What This Means for South Korea
This leaves South Korea with an increasingly hostile neighbour and dwindling prospects of commitment from its US ally. This could lead the nation to favour nuclearisation—though this option is not new to South Korea. In fact, South Korea’s attempt at nuclearisation goes back to 1972, when then President Park Chung-hee authorised a covert military nuclear programme called “Project 890”. The programme eventually fell through due to international pressure and in light of US President Ronald Reagan’s promise to defend South Korea using US troops.
Since then, Presidents in South Korea have been less supportive of nuclearisation, with former President Moon Jae-in dismissing the possibility of domestic nuclear weapons altogether. The biggest shock came in January 2023, when President Yoon suggested that South Korea could develop its own nuclear weapons if North Korea’s nuclear threat grows. This marked the first time since 1991 that a South Korean president officially mentioned the possibility of tactical nuclear weapons in the country. In September 2024, former South Korean defence minister Kim Yong-Hyun also spoke approvingly of the possibility of acquiring nuclear weapons.

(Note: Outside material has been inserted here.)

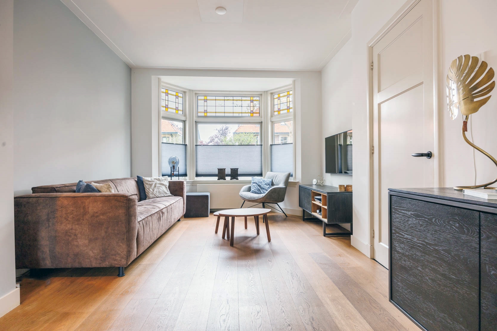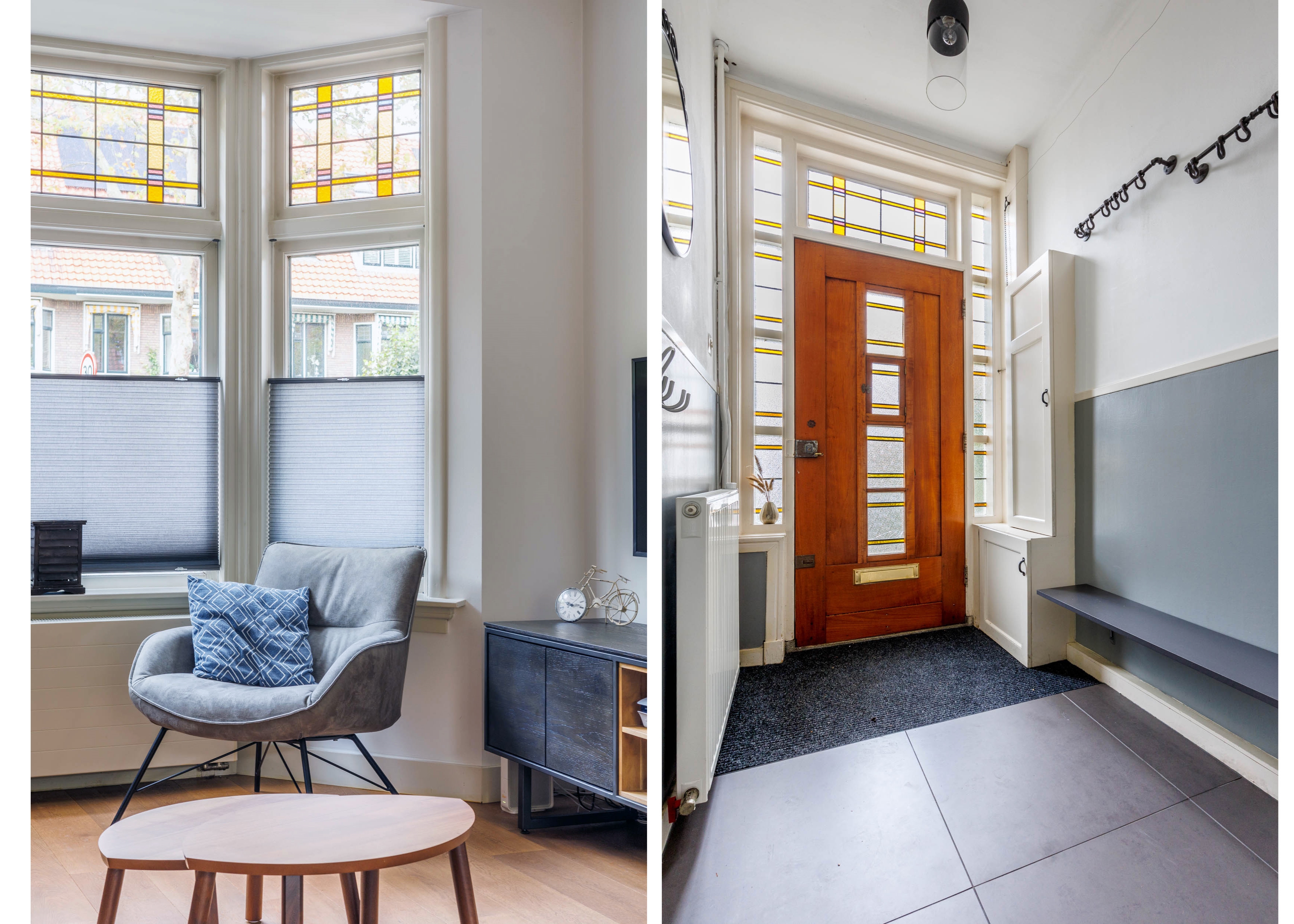 - Gehele woning voorzien van dubbelglas (het glas-in-lood grotendeels dubbelglas)

In April 2024, a nation-wide poll showed that South Korean support for acquiring independent nuclear weapons capability was 70.9%. While public opinion has favoured nuclearisation since 2010—when surveys of this issue began—the proportion in 2024 was the highest it has ever been. In addition, a majority of respondents also supported reintroducing US-operated tactical nuclear weapons to the Korean Peninsula.
Nevertheless, an investigation conducted by the Associated Press on South Korean public sentiment towards the North revealed that such sentiment is more complex and fragmented than statistics may suggest. While some South Koreans are visibly worried about the threat North Korea poses, others are either resigned to this reality or simply do not believe in North Korea’s capacity to attack the South.
South Korea’s nuclear dilemma is also compounded by its precarious position in the region. It is essentially isolated in northeast Asia and faces three nuclear-armed countries—North Korea, China, and Russia—on its doorstep. It may now have to face these regimes alone if Trump acts the way he did in his last presidency or follows through on his recent rhetoric.
What now?
President of the South Korea’s Institute for National Security Strategy Han Suk-hee said “If the US approves North Korea as a nuclear state in any form, that would be really traumatic for South Korea.” If or when the time comes, South Korea may have to consider guaranteeing its own safety without reliance on foreign alliances, especially with the US, through domestic nuclearisation.
For a while, relations appeared cordial between the US and South Korea. President Yoon “began practicing golf again for the first time in 8 years, in preparation for ‘golf diplomacy’ with Trump,” the South Korean presidential office told CNN. After Trump’s victory, Yoon spoke to him over a 12-minute phone call, during which the pair agreed to arrange an in-person meeting soon. Trump had also expressed the need to continue “good cooperative relations.”
Now, Yoon’s potential impeachment threatens to upend this delicate balance. The political crisis and internal fragmentation will coincide with Trump’s inauguration in January 2025. A weakened South Korean government will be less able to respond to external threats, particularly from North Korea. The government will also find it harder to amass the public support needed to appease Trump. It is, however, too early to tell how this will affect South Korea’s nuclear trajectory in the coming years.
Perhaps the biggest deterrent to a potential nuclearisation effort in South Korea is the fact that it is a signatory of the Nuclear Nonproliferation Treaty (NPT), which bans the country from seeking nuclear weapons. It has the option to withdraw from the NPT in order to develop nuclear weapons, but analysts say this is too risky for South Korea as it could trigger international sanctions.
South Korea currently possesses the capability—the raw materials and equipment—to produce a nuclear weapon. Only time—and perhaps golf—will tell if the nation has the desire to do so.